Students Build Skills for Higher Education and EmploymentREDLANDS, Calif., Sept. 25, 2012 — (PRNewswire) — The Commonwealth of Kentucky's recently signed Esri Educational Site License makes ArcGIS technology available to all K–12 public and private school students in the state. The license will be managed by the Kentucky Geographic Alliance (KGA), a longtime supporter of geography initiatives for elementary and secondary schools.
KGA will assist local schools with the integration of geographic information system (GIS) technology into math, earth science, and social studies classes based on statewide curriculum standards and will work with Kentucky Department of Education curriculum coordinators for guidance.

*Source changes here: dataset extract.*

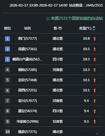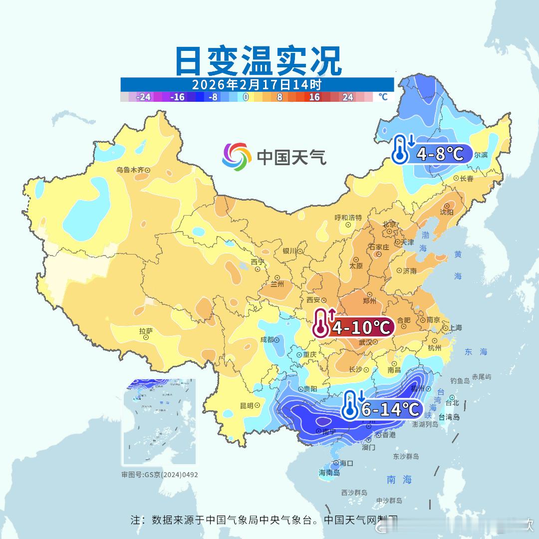 【升温和降温】今天北方大部地区到长江中下游地区,气温回升。湖北河南等地升温最明显,湖北荆门升10.8℃,为14时全国升温最强站点。昨天暖热的江西南部、福建、广东、广西,今天因为冷空气到来,出现8-16℃降温。江西定南降16.7℃、福建三明降16.1℃、广东始兴降16℃、广西柳江降15.7℃,为各自省区14时降温最强站点。此外内蒙古东部和黑龙江吉林两省西部,因为弱冷空气影响,也出现降温。

"The Kentucky Geographic Alliance is interested in providing the K–12 Kentucky STEM [science, technology, engineering, and mathematics] communities with an opportunity to participate in a top-three technology of the future," said Scott Dobler, faculty member of the Department of Geography and Geology at Western Kentucky University and codirector of KGA. "Along with nanotechnology and biotechnology, geotechnology was named as one of the three most important emerging fields by the US Department of Labor. Geography skills are necessary in today's globalizing market. Our students must learn how to interpret spatial information and understand complex linkages to be successful in today's global economy."
Dobler indicated that students will work on projects that reflect local community issues. ArcGIS Online will be used as a tool to communicate the results of these projects to neighboring schools and districts and, potentially, local legislators and other interested parties.

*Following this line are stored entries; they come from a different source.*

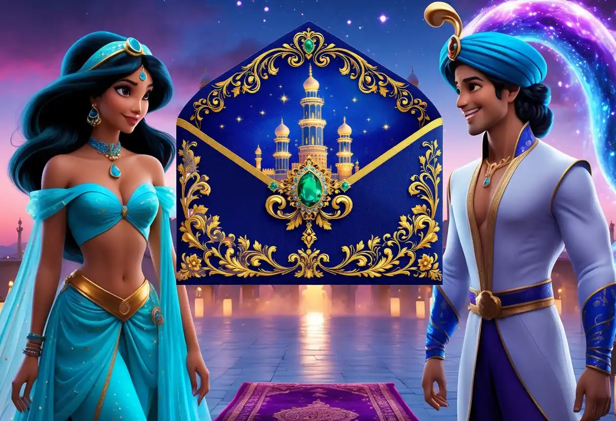 Nuestra invitación digital de Aladdin te transporta a un mundo lleno de alfombras voladoras, palacios y estrellas doradas. Con colores intensos y elementos inspirados en Agrabah, esta invitación es perfecta para cumpleaños temáticos o eventos especiales.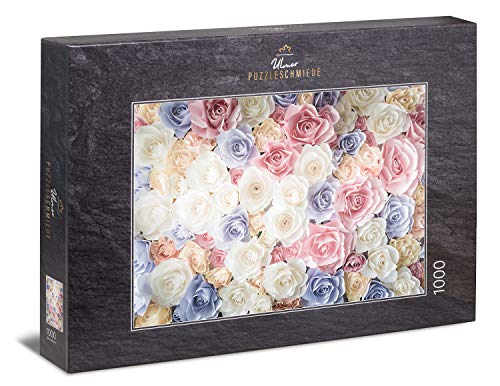 Ulmer Puzzleschmiede - Puzzle Rosa Amore - Petali di Rosa Festivi in Design Vintage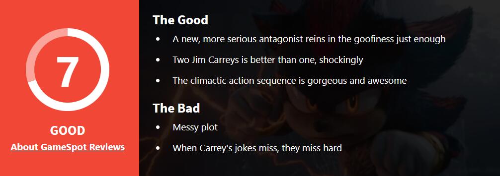 【电影《刺猬索尼克4》将于2027年上映】Variety消息,派拉蒙影业已经批准了电影《刺猬索尼克4》。据称,该影片预计2027年春季上映,目前具体细节信息未知。《刺猬索尼克3》将于2025年1月10日在内地上映,本片目前烂番茄指数87%。不过游戏媒体IGN只给其打出了6分,GameSpot则给出7分评价。

KGA plans to introduce GIS through workshops for teachers and technology coordinators. The teachers, including those in career and technical education (CTE), will focus on classroom implementation, while the coordinators will emphasize support center chain of command network decisions.
"Kids can build readiness for college and careers in many different subjects and activities with GIS, even at a young age," said Charlie Fitzpatrick, K–12 school program manager at Esri. "Kentucky's long history of GIS use means folks know that it is a problem-solving technology, and they want their kids to develop long-term integrated content knowledge and procedural skills in a real-world context."